Para a maioria das empresas, a geopolítica da soberania tecnológica não aparece como manchete: aparece como risco de fornecimento. Restrição de acesso a determinados chips, mudança de política de exportação ou nacionalização de infraestrutura de nuvem podem alterar, de um trimestre para outro, o custo e a disponibilidade de capacidade computacional que uma empresa já considerava garantida.
Isso já afeta decisões concretas de arquitetura: qual provedor de nuvem usar, se vale a pena depender de um único fornecedor de modelos, onde armazenar e processar dados sensíveis e como essas escolhas se relacionam com exigências regulatórias locais, como as já discutidas na LGPD. Empresas que tratam essas decisões apenas como escolha técnica, sem considerar o cenário geopolítico por trás delas, tendem a descobrir o risco tarde, quando ele já se converteu em custo ou interrupção.
Para empresas, a pergunta relevante não é sobre a soberania tecnológica de um país específico. É sobre como as escolhas de infraestrutura afetam a própria autonomia tecnológica de operação. O caminho mais seguro não é prever com precisão os próximos movimentos geopolíticos, algo que nem governos conseguem fazer de forma confiável. Mais do que isso: o caminho mais seguro é construir uma estratégia de IA que suporte mudança de fornecedor, diversifique dependências críticas e tenha critérios claros de governança sobre onde e como os dados circulam.
A disputa por soberania tecnológica em IA não é um pano de fundo distante: ela já define quanto custa treinar um modelo, qual fornecedor de chip está disponível e sob quais condições regulatórias os dados de uma empresa podem circular. Entender isso deixou de ser assunto de política externa. Passou a ser insumo direto para quem estrutura a estratégia de tecnologia de qualquer companhia.

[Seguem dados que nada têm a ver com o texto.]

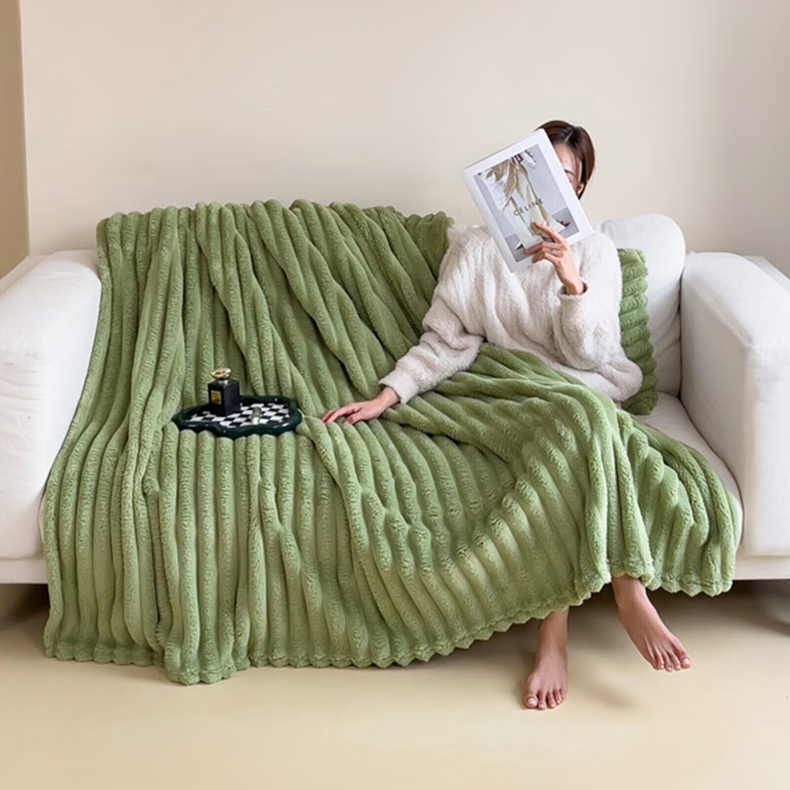 ブランケット フランネル柔らかいふわふわ毛布 シングル軽量掛け毛布 おしゃれ大判洗えるマイクロファイバー厚手 吸湿発熱 静電気防止 冷房対策防寒暖かいひざ掛けブランケット防ダニ 抗菌 防臭 オールシーズン。グリーン長さ150cm×幅さ100cm

Nos próximos anos, a tendência é que essa disputa por soberania tecnológica se intensifique, não que se resolva. Novos ciclos de investimento público, ajustes em controles de exportação e o avanço de blocos regionais como a União Europeia devem continuar mudando o mapa de quem tem acesso a que capacidade de IA, e em que termos. Empresas que tratam esse cenário como variável estratégica, e não como ruído externo, chegam mais preparadas para decisões de fornecimento, parceria e investimento em IA.